SA for audio are called audio analysers and there are many of those.
You won't like the price.
Take a look at Quant Asylum.
Or stick with audio interfaces...

[David Aurora]

I've got a 35665A which is built exactly for this purpose, and in all honesty lately I keep thinking about getting rid of it and using a sound card instead.

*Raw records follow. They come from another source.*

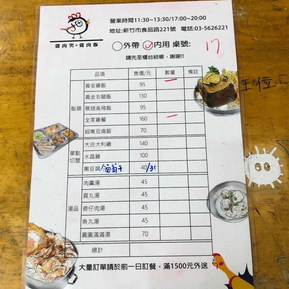 位於食品路上的雞肉飯,主打玉米雞跟土雞肉的飯類料理,裝潢用校園風格,連裝飯的碗都是便當盒,蠻可愛的。牆上都可以看到料理的手繪畫,如果看不懂菜單內容就可以參考用。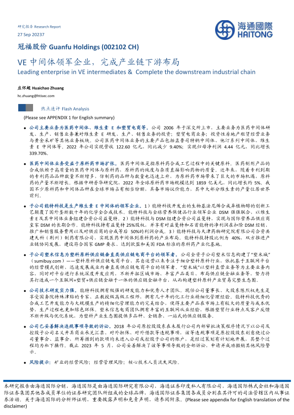 本报告分析了冠福股份在医药中间体、维生素E和塑贸电商领域的主要业务和竞争优势。公司医药中间体业务受益于原料药市场扩张,子公司能特科技在维生素E中间体领域具有领先地位,并通过与DSM的合作和产业链布局实现增长。子公司塑米信息在塑贸电商领域具有优势,致力于构建完整的产业生态圈。同时,报告也提示了公司面临的经营风险和技术人员流失风险。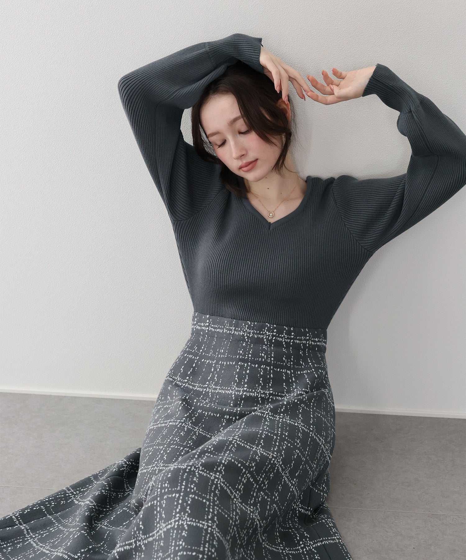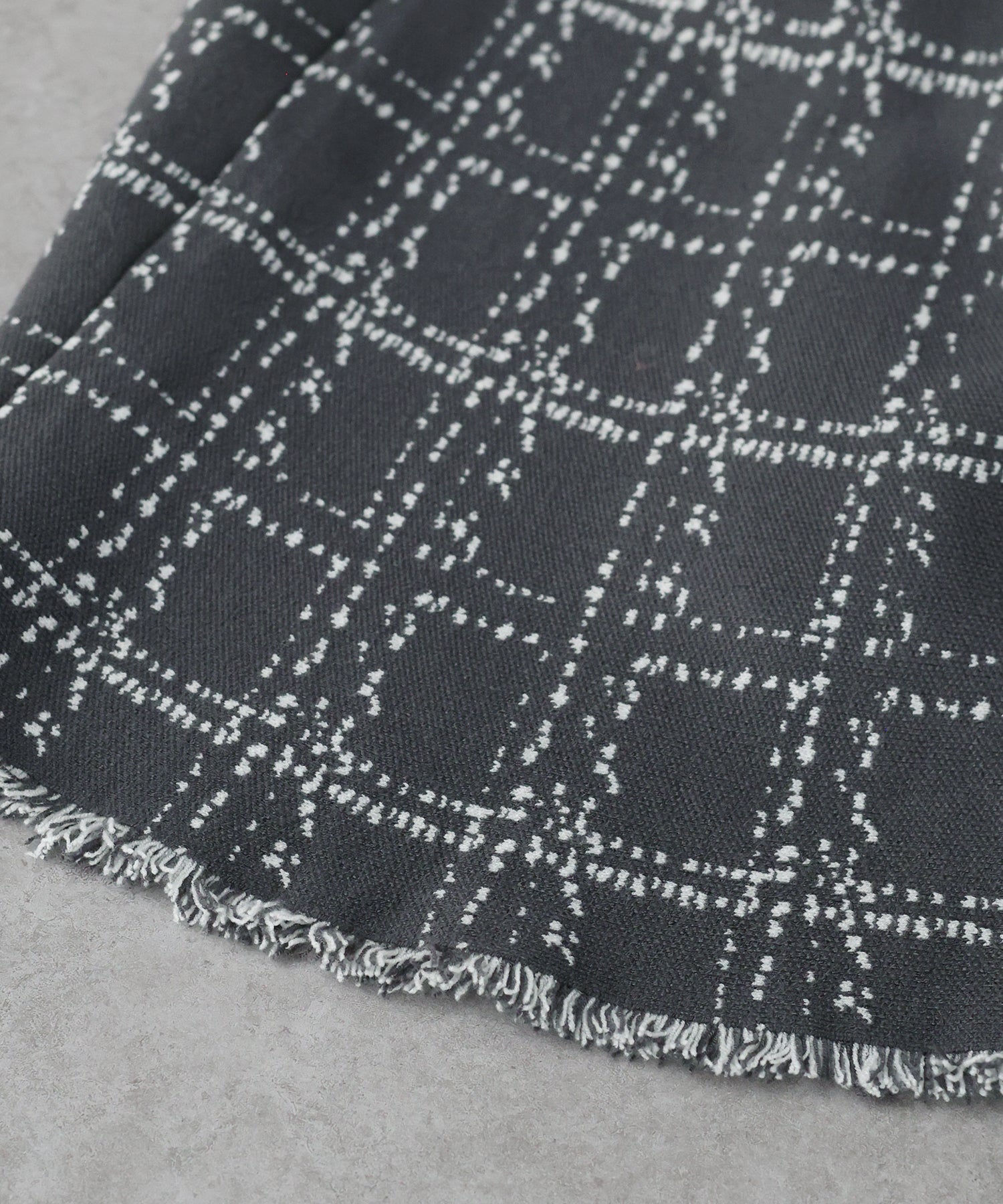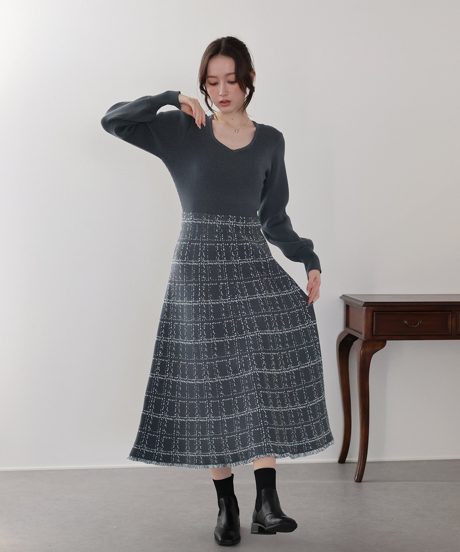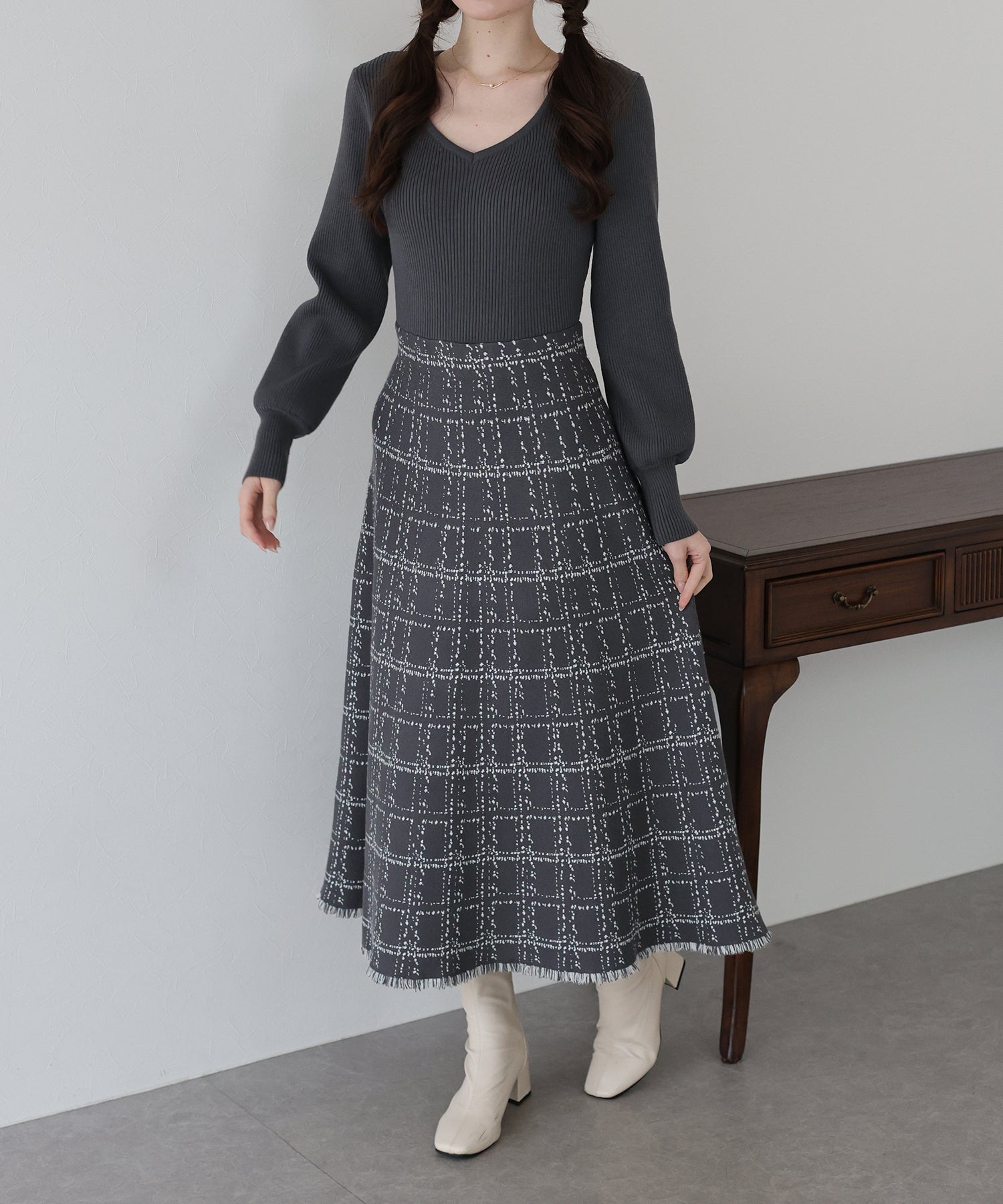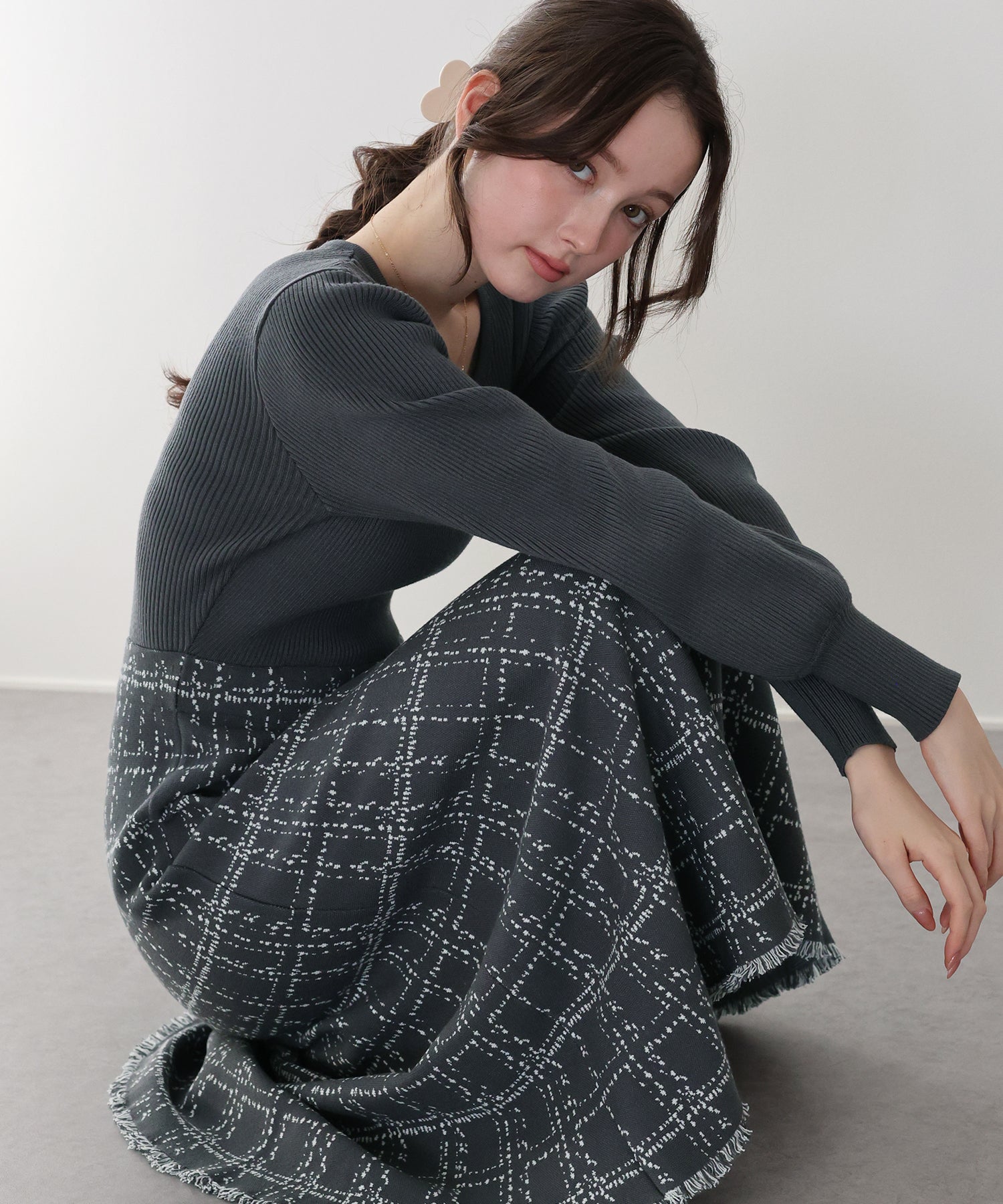 スカート部分にはスタイル良く見えるように拘った、裾に向かって柄が細かくなるチェック柄を編み立てました。

It's nice having a standalone thing on the bench that you can just plug into and go, but it's also pretty slow/limited compared to computer based solutions.

[themadhippy]

If you can live with 1/3rd octave steps maybe something like the old klark teknic dn60

[dobsonr741]

I’m using an external pro USB audio interface, 24 bit resolution with 192KHz sampling rate. REW is an excellent free app for spectrum analysis, I also have Jupyter notebook to do the same FFT Rew can do. Tons of discussions on how to do it and what interface has the lowest noise floor and distortion - see https://www.diyaudio.com/community/threads/how-to-distortion-measurements-with-rew.338511/

Back to you post - it’s attached, and REW updates the spectrum display real time on screen. Can generate signals too, however it’s not as good as a standalone precision Wien bridge. Much discussion on that too.

[KungFuJosh]

Fiiiiiiiiiiine. Software with sound card  and/or audio box like the QA403 Audio Analyzer is probably the way to go. The QA403 makes me want to make something myself though.

I already have a nice Roland Studio Capture, so I guess I should look at what software is good. I'll check out REW, what else is good?

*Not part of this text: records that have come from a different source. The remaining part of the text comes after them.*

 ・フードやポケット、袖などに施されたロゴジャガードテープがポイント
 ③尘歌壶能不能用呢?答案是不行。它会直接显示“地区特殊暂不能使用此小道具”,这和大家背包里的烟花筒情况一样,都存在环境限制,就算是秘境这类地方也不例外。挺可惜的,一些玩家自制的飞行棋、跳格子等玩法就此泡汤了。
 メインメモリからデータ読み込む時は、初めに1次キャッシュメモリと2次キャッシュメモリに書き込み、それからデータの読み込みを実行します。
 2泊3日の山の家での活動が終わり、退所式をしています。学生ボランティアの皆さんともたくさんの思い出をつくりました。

Edit: For the record, I really would prefer to avoid using my DAW for this. I would like at least the software to be standalone.

[dobsonr741]

Two more software - free and paid:

https://sourceforge.net/projects/audmes/
https://artalabs.hr/

And again, it was not a big deal for me to roll my own 64K window size FFT in Python either.

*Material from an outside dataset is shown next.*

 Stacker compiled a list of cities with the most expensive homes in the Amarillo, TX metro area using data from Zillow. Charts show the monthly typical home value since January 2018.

If you like dedicated hardware, you can make a raspberry pi4 running the FFT with Jupyter notebook serving your browser to view - however you’ll not be refreshing as often as a PC or Mac does.

[4thDoctorWhoFan]

There is the HP 3561A which is nice.  Old but nice.

[St66666]

https://www.virtins.com/

They have some interesting stuff. Not free, but free to try for a while.

[srce]

https://www.ap.com/analyzers-accessories/apx555/

[Floopy]

There is the HP 3561A which is nice.  Old but nice.

Second that, they're nice, but the screens tend to fail easily because of the flyback. They do DC - 100kHz, I've had one for years.

[Grandchuck]

I have an HP 8903B but lately have been using REW software along with a Focusrite Scarlet Solo.  You can see, for the cost, the performance is good: https://www.eevblog.com/forum/testgear/question-cheap-pure-sine-wave-genertor-1khz/msg4737746/#msg4737746

[MathWizard]

What is the problem a wide BW SA has with low frequencies ? And why are AA so expensive then ? Measuring up into the GHz must be way harder and more expensive than audio to AM radio Frequencies.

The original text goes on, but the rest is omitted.